__Records to process__.
· · · · · · ·
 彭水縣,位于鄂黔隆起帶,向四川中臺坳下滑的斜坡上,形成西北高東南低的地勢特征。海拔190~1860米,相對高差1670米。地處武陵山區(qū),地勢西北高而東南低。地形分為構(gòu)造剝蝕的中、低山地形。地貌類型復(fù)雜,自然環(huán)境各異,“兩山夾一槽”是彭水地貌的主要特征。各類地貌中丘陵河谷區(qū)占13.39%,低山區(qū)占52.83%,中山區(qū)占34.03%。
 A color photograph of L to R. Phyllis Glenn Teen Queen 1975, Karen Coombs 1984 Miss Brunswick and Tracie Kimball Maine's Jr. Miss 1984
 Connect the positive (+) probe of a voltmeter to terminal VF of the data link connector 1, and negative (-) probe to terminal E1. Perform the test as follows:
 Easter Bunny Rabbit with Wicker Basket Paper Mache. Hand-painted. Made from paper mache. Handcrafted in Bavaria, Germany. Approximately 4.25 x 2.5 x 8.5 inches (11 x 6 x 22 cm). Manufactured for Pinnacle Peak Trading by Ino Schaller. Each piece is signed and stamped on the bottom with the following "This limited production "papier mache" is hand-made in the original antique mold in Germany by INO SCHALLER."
· · · · · · ·
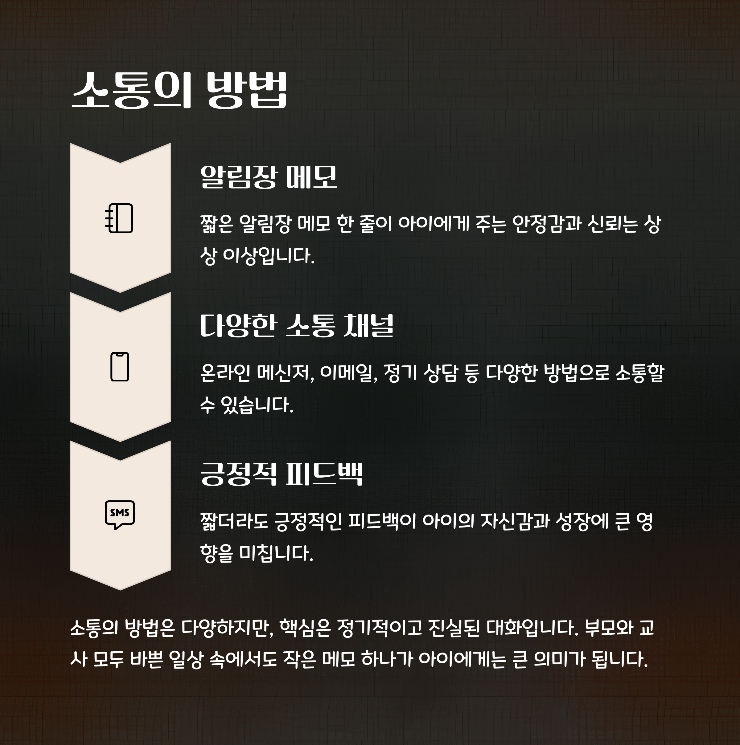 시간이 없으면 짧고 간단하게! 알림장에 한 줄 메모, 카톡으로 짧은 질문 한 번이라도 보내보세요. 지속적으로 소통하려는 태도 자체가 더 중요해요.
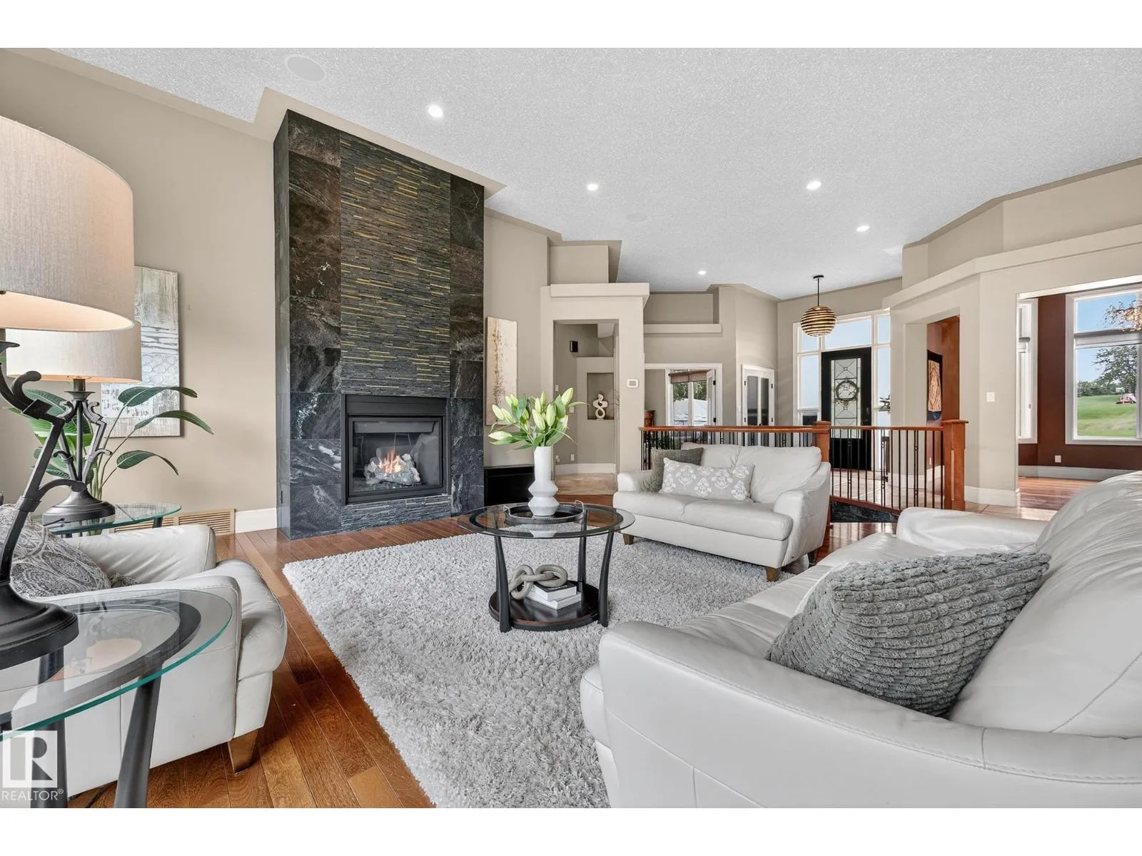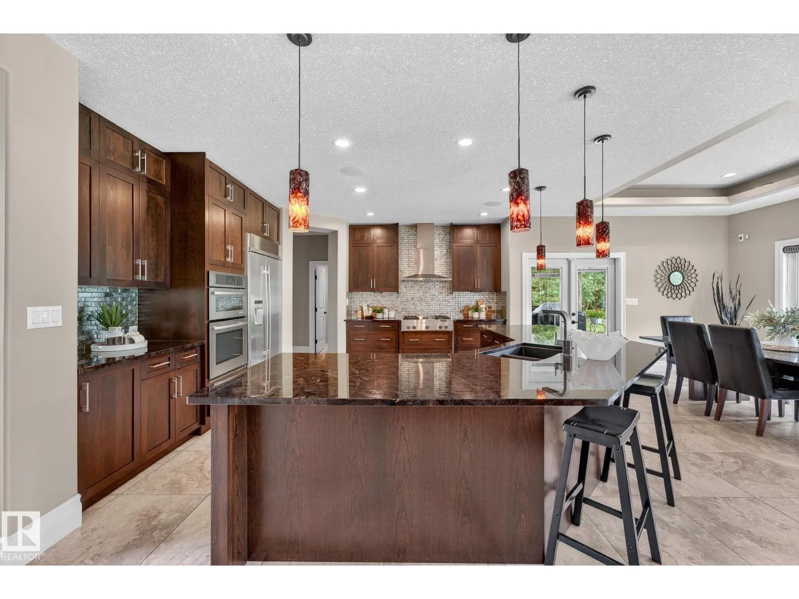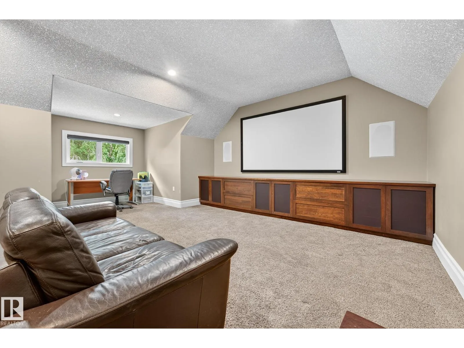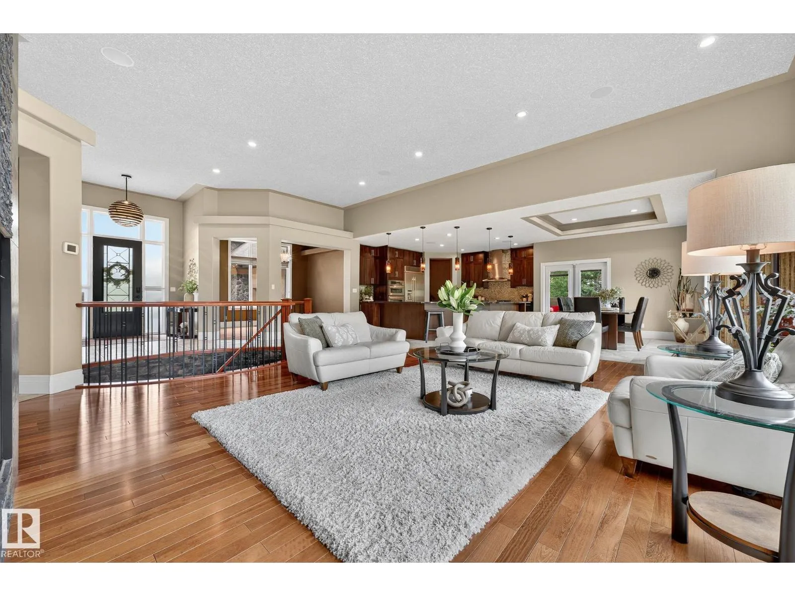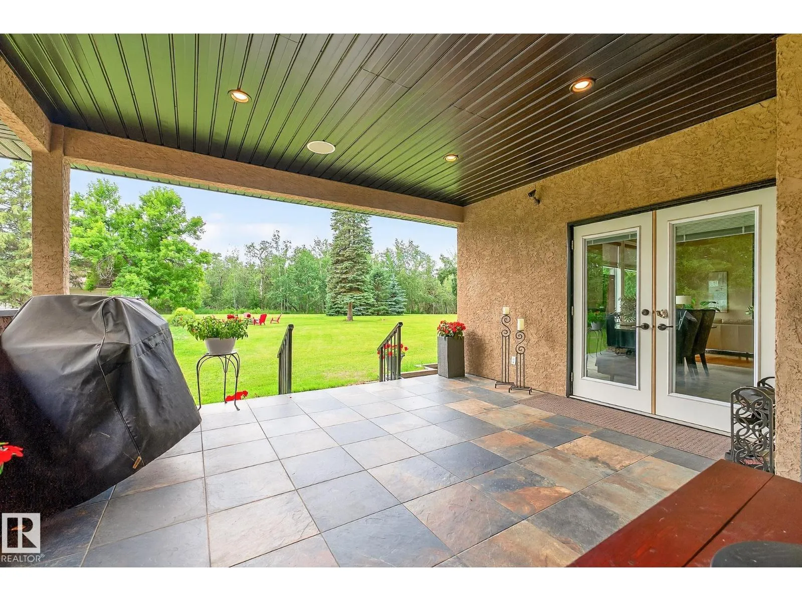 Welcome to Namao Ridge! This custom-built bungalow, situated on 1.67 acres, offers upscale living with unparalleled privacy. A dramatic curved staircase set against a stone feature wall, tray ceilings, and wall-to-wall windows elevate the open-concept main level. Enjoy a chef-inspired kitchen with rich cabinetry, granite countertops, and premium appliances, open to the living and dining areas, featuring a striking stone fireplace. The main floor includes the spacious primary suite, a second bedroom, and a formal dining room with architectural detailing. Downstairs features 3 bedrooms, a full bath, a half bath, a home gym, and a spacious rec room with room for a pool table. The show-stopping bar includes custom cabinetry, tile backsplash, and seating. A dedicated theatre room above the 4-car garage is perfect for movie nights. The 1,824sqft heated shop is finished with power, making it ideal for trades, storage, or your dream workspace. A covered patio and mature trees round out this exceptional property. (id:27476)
· · · · · · ·
__Goal of the exercise__. Of the entries listed above, reproduce only the lines starting at the line containing "彭水縣,位于鄂黔隆起帶,向四" and ending at the line containing "Connect the positive". Include both, exactly as they stand.

__Reply to the exercise__.
 彭水縣,位于鄂黔隆起帶,向四川中臺坳下滑的斜坡上,形成西北高東南低的地勢特征。海拔190~1860米,相對高差1670米。地處武陵山區(qū),地勢西北高而東南低。地形分為構(gòu)造剝蝕的中、低山地形。地貌類型復(fù)雜,自然環(huán)境各異,“兩山夾一槽”是彭水地貌的主要特征。各類地貌中丘陵河谷區(qū)占13.39%,低山區(qū)占52.83%,中山區(qū)占34.03%。
 A color photograph of L to R. Phyllis Glenn Teen Queen 1975, Karen Coombs 1984 Miss Brunswick and Tracie Kimball Maine's Jr. Miss 1984
 Connect the positive (+) probe of a voltmeter to terminal VF of the data link connector 1, and negative (-) probe to terminal E1. Perform the test as follows:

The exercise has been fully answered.